## Activity
Below, find the line containing "Eccezionale documento da" and the line containing "Changes to Key"; reproduce exactly those two and every line between them, omitting pictures.

## Working data

-.-.-

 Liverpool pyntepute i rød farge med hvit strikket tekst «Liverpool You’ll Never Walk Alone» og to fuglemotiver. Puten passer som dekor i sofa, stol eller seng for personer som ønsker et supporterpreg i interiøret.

-.-.-

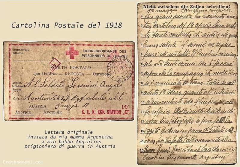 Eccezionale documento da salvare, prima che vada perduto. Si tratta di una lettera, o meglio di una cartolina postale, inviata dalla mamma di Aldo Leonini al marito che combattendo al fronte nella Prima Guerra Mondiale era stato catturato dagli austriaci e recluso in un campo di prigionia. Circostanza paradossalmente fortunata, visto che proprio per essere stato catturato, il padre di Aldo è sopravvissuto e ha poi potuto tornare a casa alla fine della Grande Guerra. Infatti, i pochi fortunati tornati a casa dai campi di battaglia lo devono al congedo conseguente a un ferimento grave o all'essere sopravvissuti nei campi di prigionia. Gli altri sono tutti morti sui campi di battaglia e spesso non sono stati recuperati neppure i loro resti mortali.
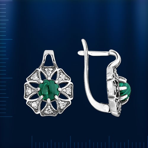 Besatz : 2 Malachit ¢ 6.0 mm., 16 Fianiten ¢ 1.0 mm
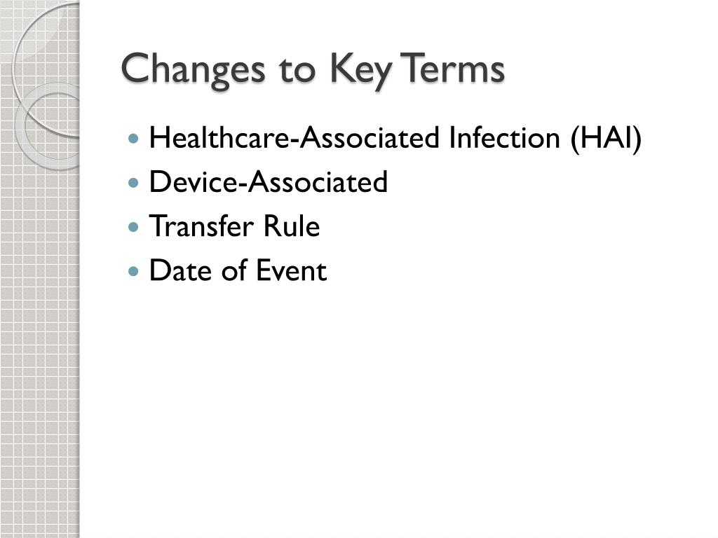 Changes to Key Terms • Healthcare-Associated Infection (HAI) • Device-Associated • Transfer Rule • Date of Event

-.-.-

## Solution to the exercise
 Eccezionale documento da salvare, prima che vada perduto. Si tratta di una lettera, o meglio di una cartolina postale, inviata dalla mamma di Aldo Leonini al marito che combattendo al fronte nella Prima Guerra Mondiale era stato catturato dagli austriaci e recluso in un campo di prigionia. Circostanza paradossalmente fortunata, visto che proprio per essere stato catturato, il padre di Aldo è sopravvissuto e ha poi potuto tornare a casa alla fine della Grande Guerra. Infatti, i pochi fortunati tornati a casa dai campi di battaglia lo devono al congedo conseguente a un ferimento grave o all'essere sopravvissuti nei campi di prigionia. Gli altri sono tutti morti sui campi di battaglia e spesso non sono stati recuperati neppure i loro resti mortali.
 Besatz : 2 Malachit ¢ 6.0 mm., 16 Fianiten ¢ 1.0 mm
 Changes to Key Terms • Healthcare-Associated Infection (HAI) • Device-Associated • Transfer Rule • Date of Event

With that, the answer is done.